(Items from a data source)
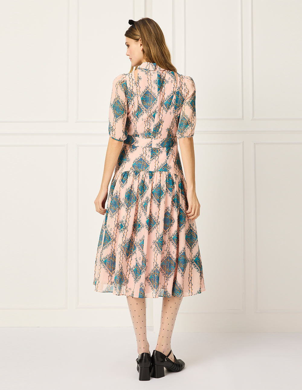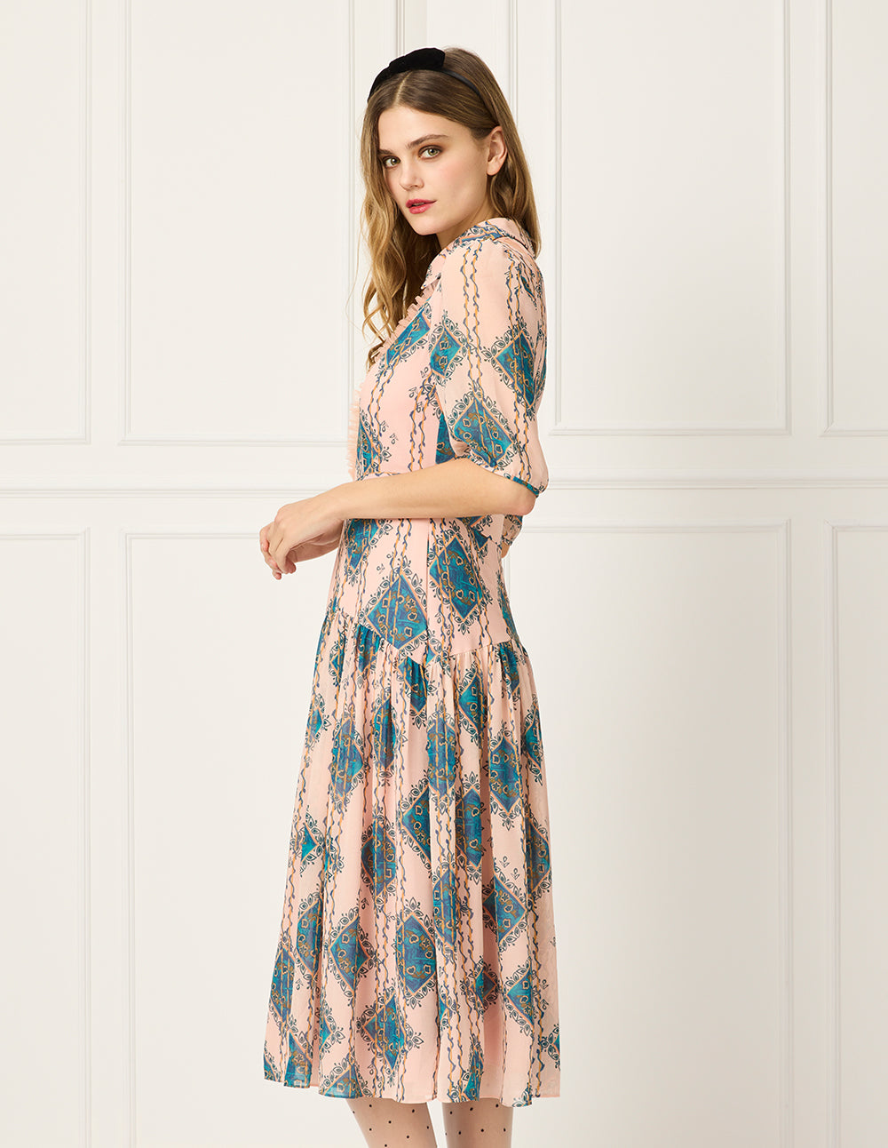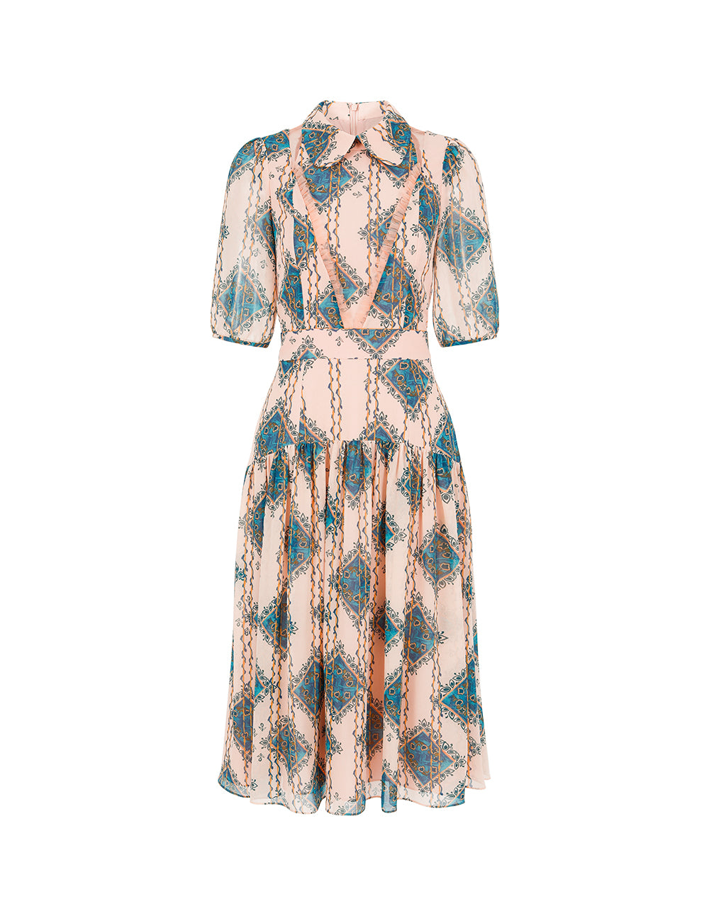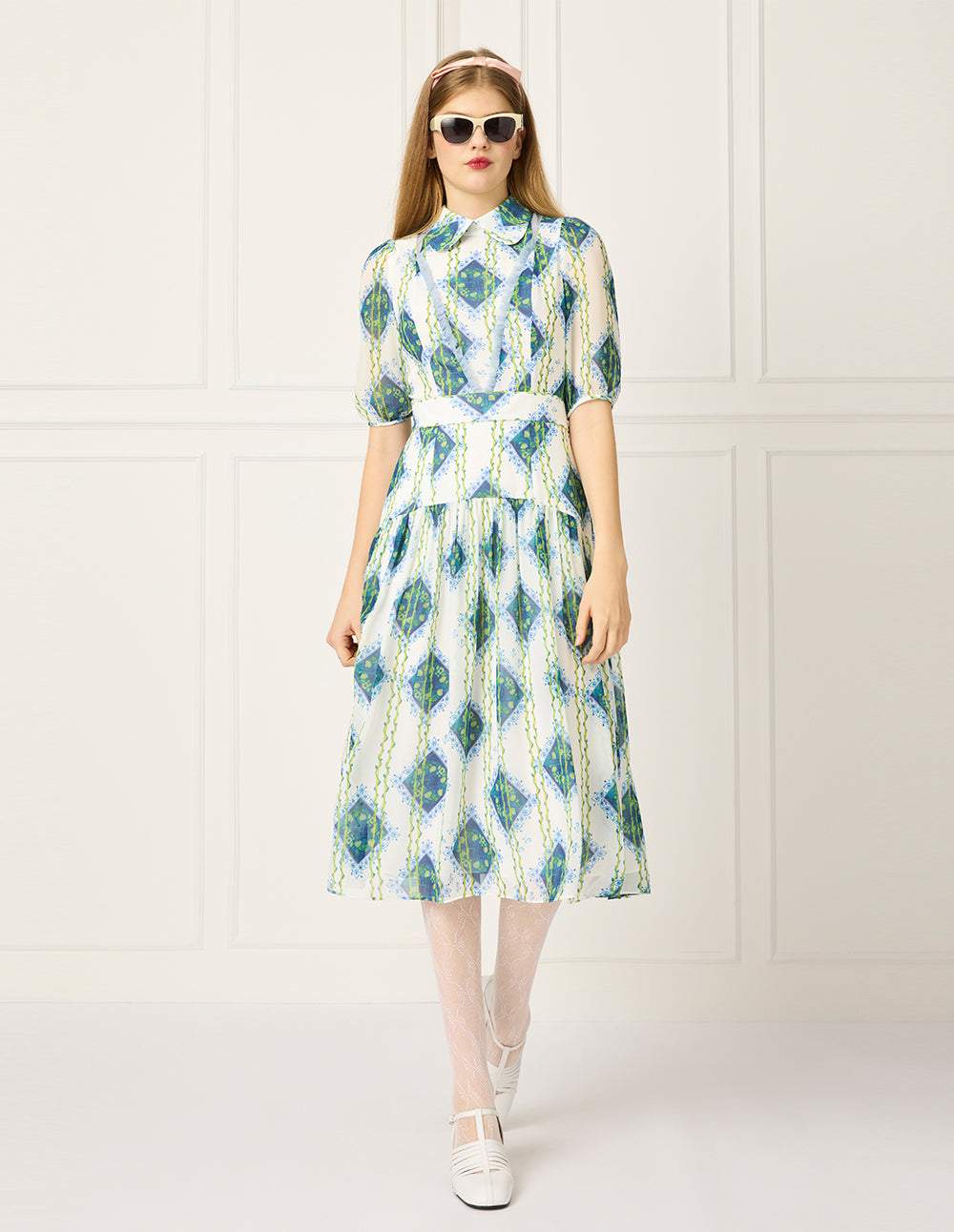 BORA AKSU Lapel Puff Short Sleeve Empire-Waist Geometric Print Pleated Midi Dress
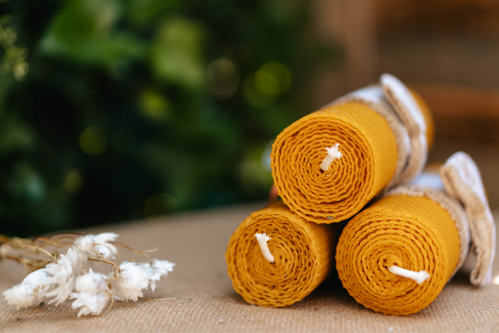 Bougies entièrement faites main en cire d'abeille naturelle. Le coffret est composé de 2 grandes et 1 petite bougie.
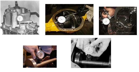 - Folgas de dentes de engrenagens de câmbios, diferenciais;
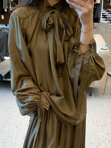 2025初秋新款高级感巨好看苔绿色短裙拼接宽松大裙摆半身裙女
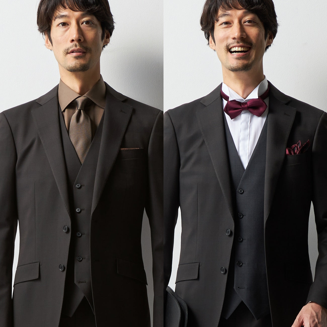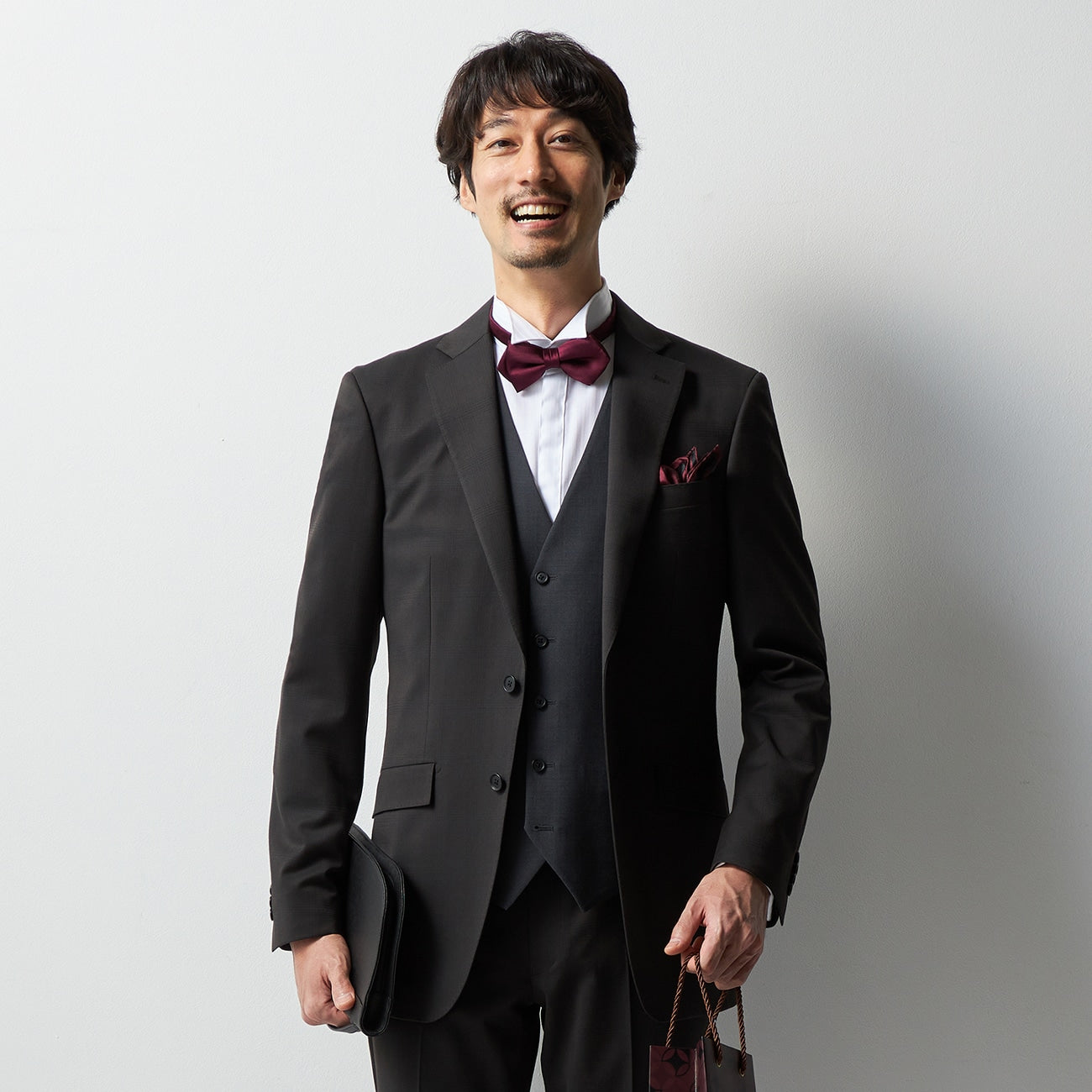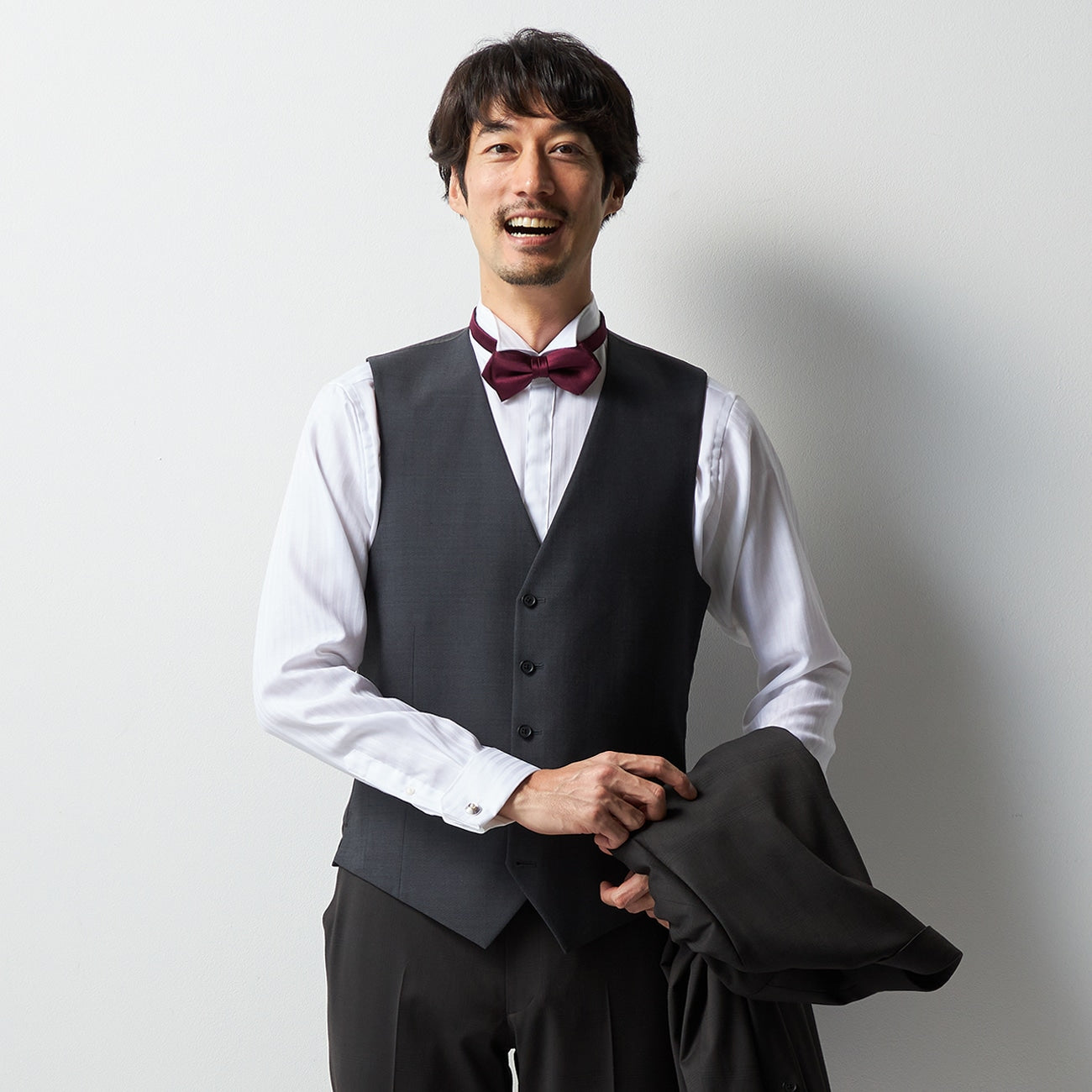 多功能三件式混紡羊毛西裝,附可反穿背心及腰部調節帶。
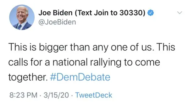 “This is bigger than any one of us. This calls for a national rallying to come together…People want results, not a revolution…My running mate will be a woman. #DemDebate”
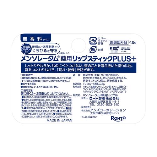 商品名称 ロート製薬 メンソレータム 薬用リップスティックプラス 無香料 4.5g リップクリーム リップ
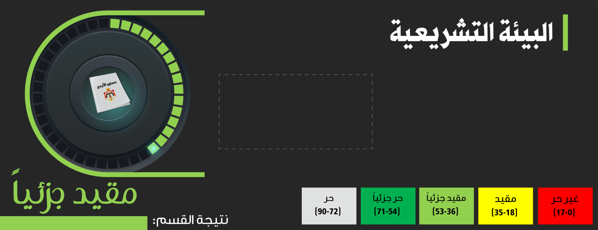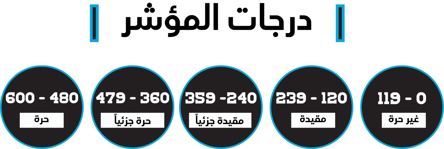 وحازت الأقسام الستة التي تضمنها تقرير هذا العام على نتيجة "مقيد"، باستثناء القسم المتعلق بالبيئة التشريعية الذي حصل على نتيجة "مقيد جزئيا"، وهو القسم الوحيد الذي حافظ على تصنيفه خلال عامي 2020 و2021، حيث حصل هذا العام على (34.9) نقطة من أصل (90) نقطة متاحة، وهي نتيجة أقل بست درجات عما حصل عليها سنة 2020 لكنها بقيت ضمن مؤشر "مقيد جزئيا".
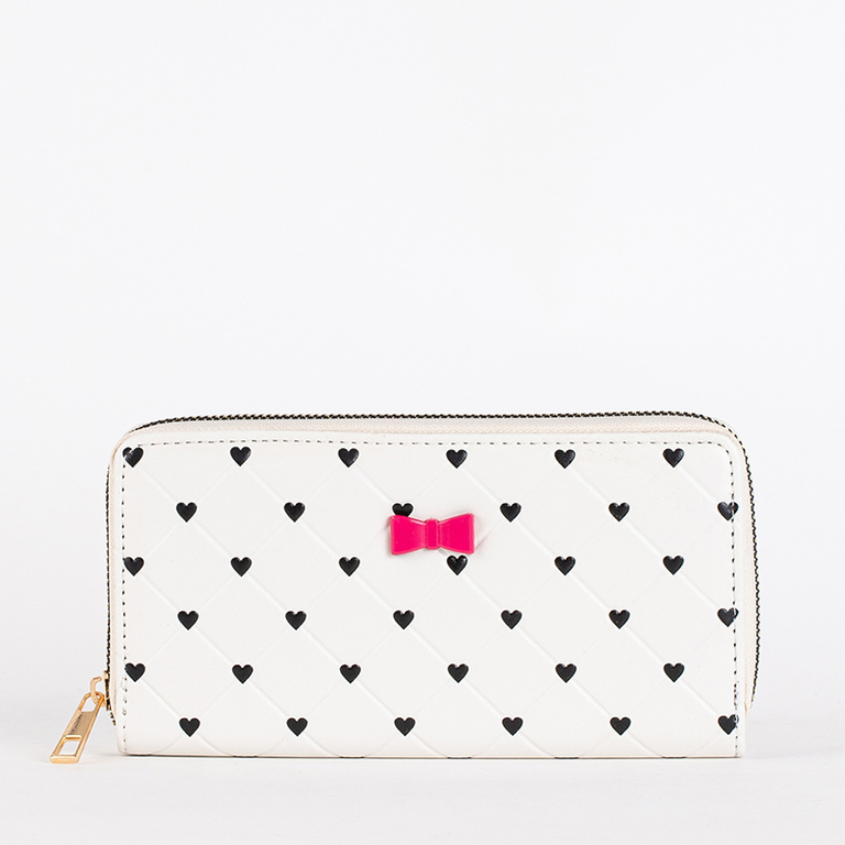 Dámska biela veľká peňaženka so srdiečkami - Doplnky
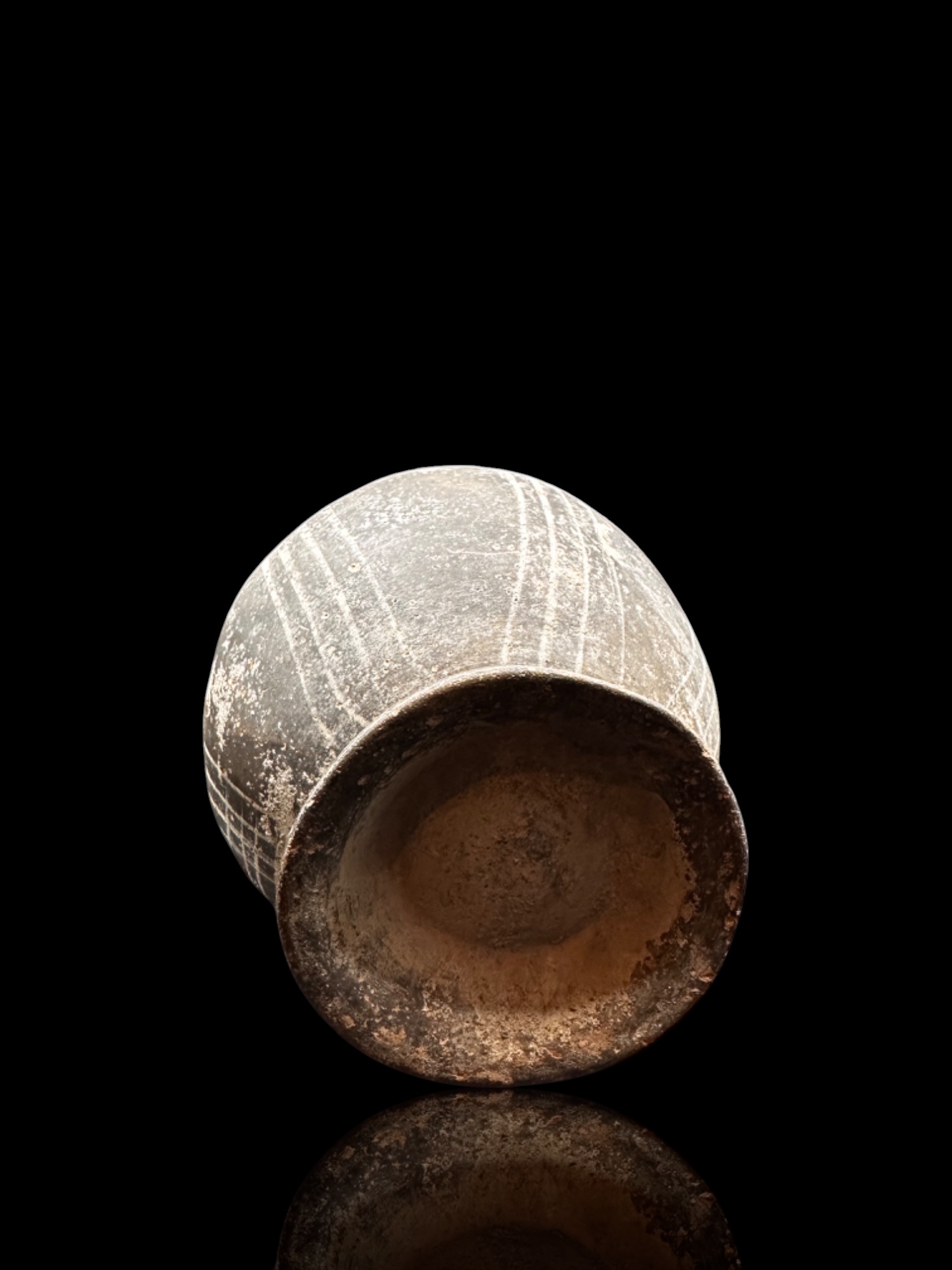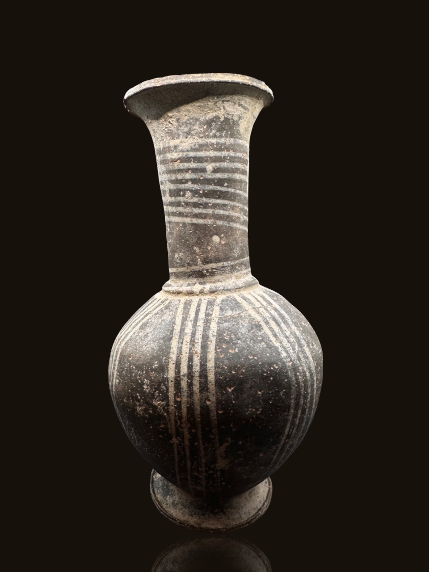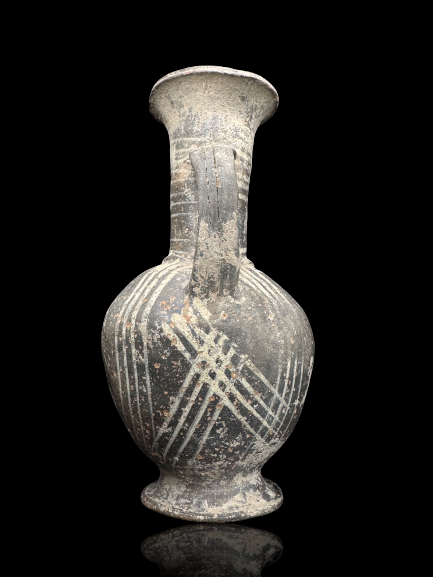 A slender Cypriot oinochoe from the bronze age, featuring a black slip surface with vertical and crisscross linear decorations in contrasting white. The vessel has a trefoil mouth, single handle, and ring base. Well-preserved with surface encrustations and minor wear consistent with age. Height 26.cm.
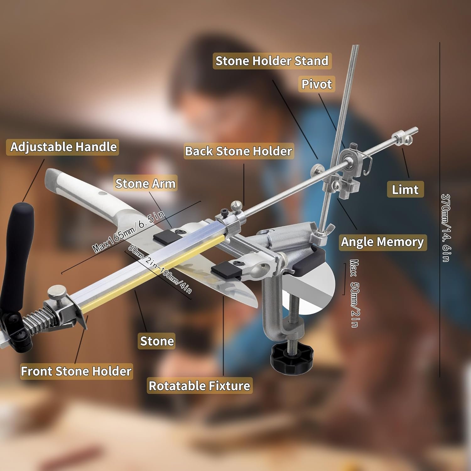 RX-009, A HUGE UPGRADE: 360° Flip Rotation Fixed-Angle Design with Precise Slider Hinge and Firm G-Clamp Fixture, this ensures easier and more secure knife sharpening, the innovative flip fixture system allows you to sharpen the other side at the same exact angle, adjust the angle by unscrew the screw on the vertical rod, restore knives and tools quickly and safely;

▶ [Your objective]
Leave every picture out and copy precisely the lines from the one containing "A slender Cypriot" through the last line of the data above, both ends included.

▶ [Response]
 A slender Cypriot oinochoe from the bronze age, featuring a black slip surface with vertical and crisscross linear decorations in contrasting white. The vessel has a trefoil mouth, single handle, and ring base. Well-preserved with surface encrustations and minor wear consistent with age. Height 26.cm.
 RX-009, A HUGE UPGRADE: 360° Flip Rotation Fixed-Angle Design with Precise Slider Hinge and Firm G-Clamp Fixture, this ensures easier and more secure knife sharpening, the innovative flip fixture system allows you to sharpen the other side at the same exact angle, adjust the angle by unscrew the screw on the vertical rod, restore knives and tools quickly and safely;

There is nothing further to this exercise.